Segment Start: The data

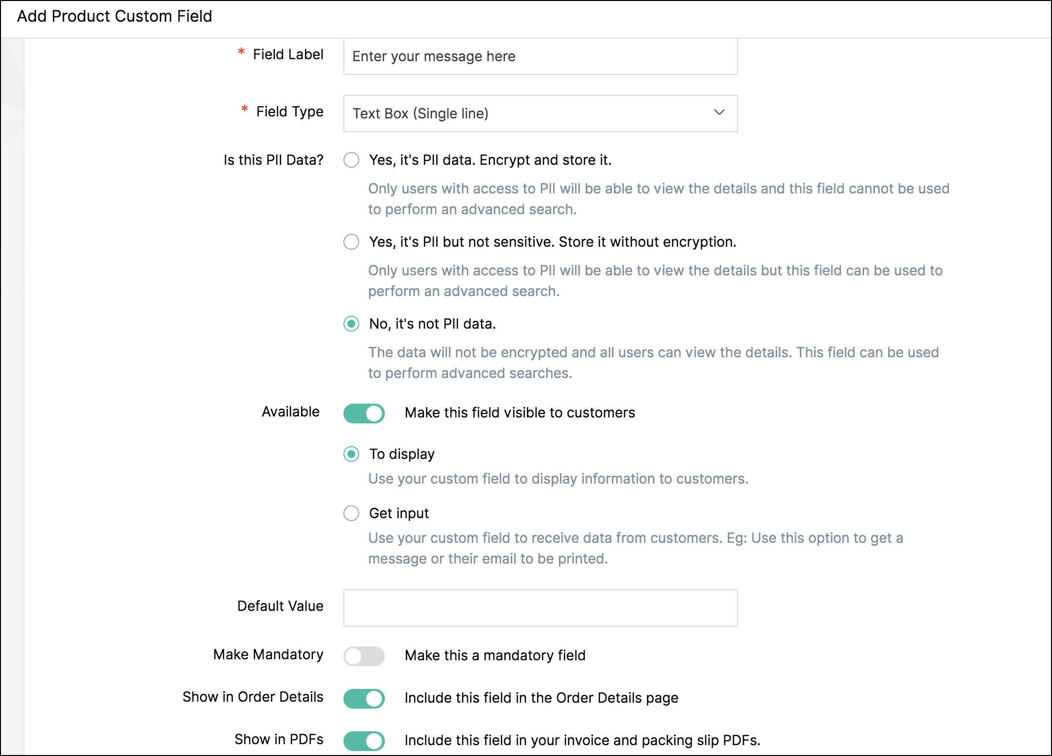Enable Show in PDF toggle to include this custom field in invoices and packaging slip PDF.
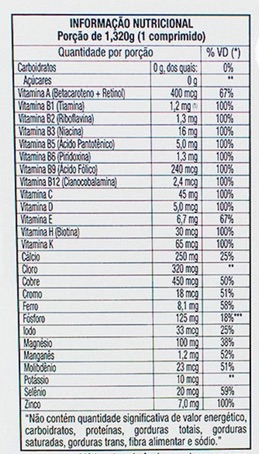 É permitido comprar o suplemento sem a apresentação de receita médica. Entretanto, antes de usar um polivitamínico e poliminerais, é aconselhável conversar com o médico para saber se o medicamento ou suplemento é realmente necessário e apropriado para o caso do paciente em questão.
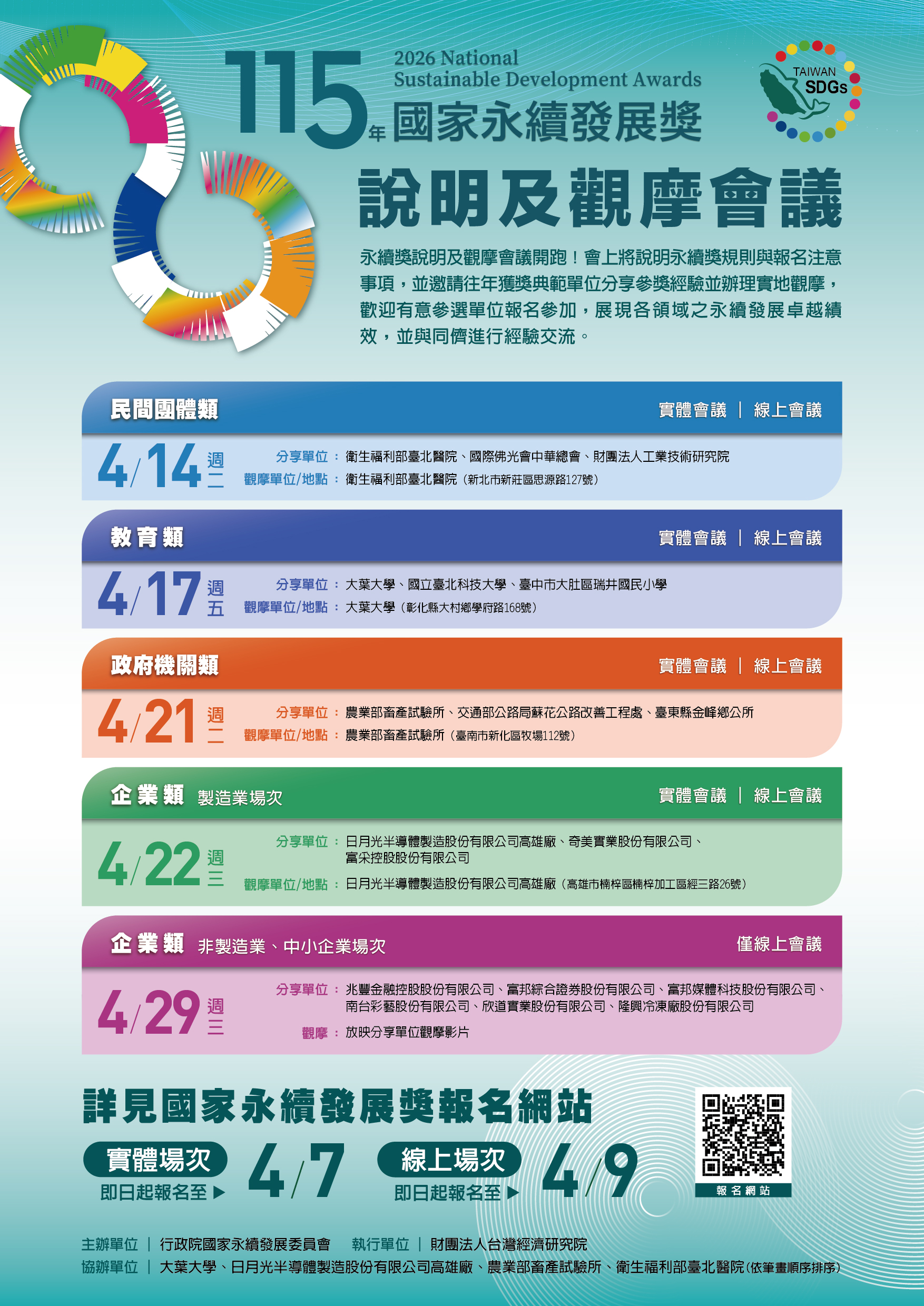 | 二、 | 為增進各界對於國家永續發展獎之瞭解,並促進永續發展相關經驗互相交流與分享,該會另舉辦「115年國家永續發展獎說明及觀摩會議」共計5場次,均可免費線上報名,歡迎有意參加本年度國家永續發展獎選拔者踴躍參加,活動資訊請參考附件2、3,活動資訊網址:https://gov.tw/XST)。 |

Segment End: The data
Segment Start: The data

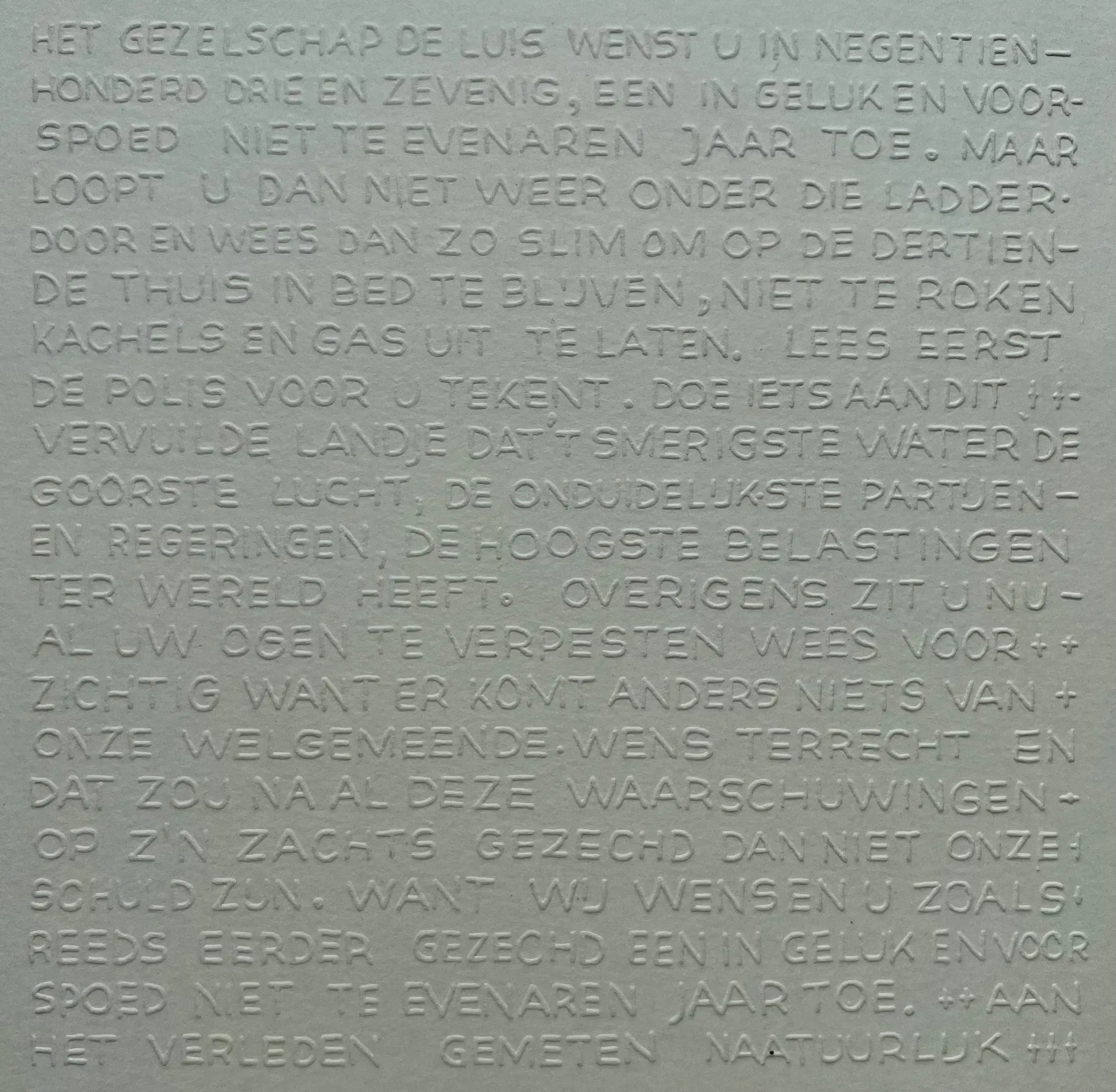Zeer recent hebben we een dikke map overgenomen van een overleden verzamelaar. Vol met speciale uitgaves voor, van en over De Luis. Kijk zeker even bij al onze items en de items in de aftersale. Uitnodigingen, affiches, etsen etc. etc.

Segment End: The data

» Instructions to follow: Restate the lines above from the one containing "Enable Show in" through the one containing "É permitido comprar", inclusive, exactly and without pictures.

» Answer space:
Enable Show in PDF toggle to include this custom field in invoices and packaging slip PDF.
 É permitido comprar o suplemento sem a apresentação de receita médica. Entretanto, antes de usar um polivitamínico e poliminerais, é aconselhável conversar com o médico para saber se o medicamento ou suplemento é realmente necessário e apropriado para o caso do paciente em questão.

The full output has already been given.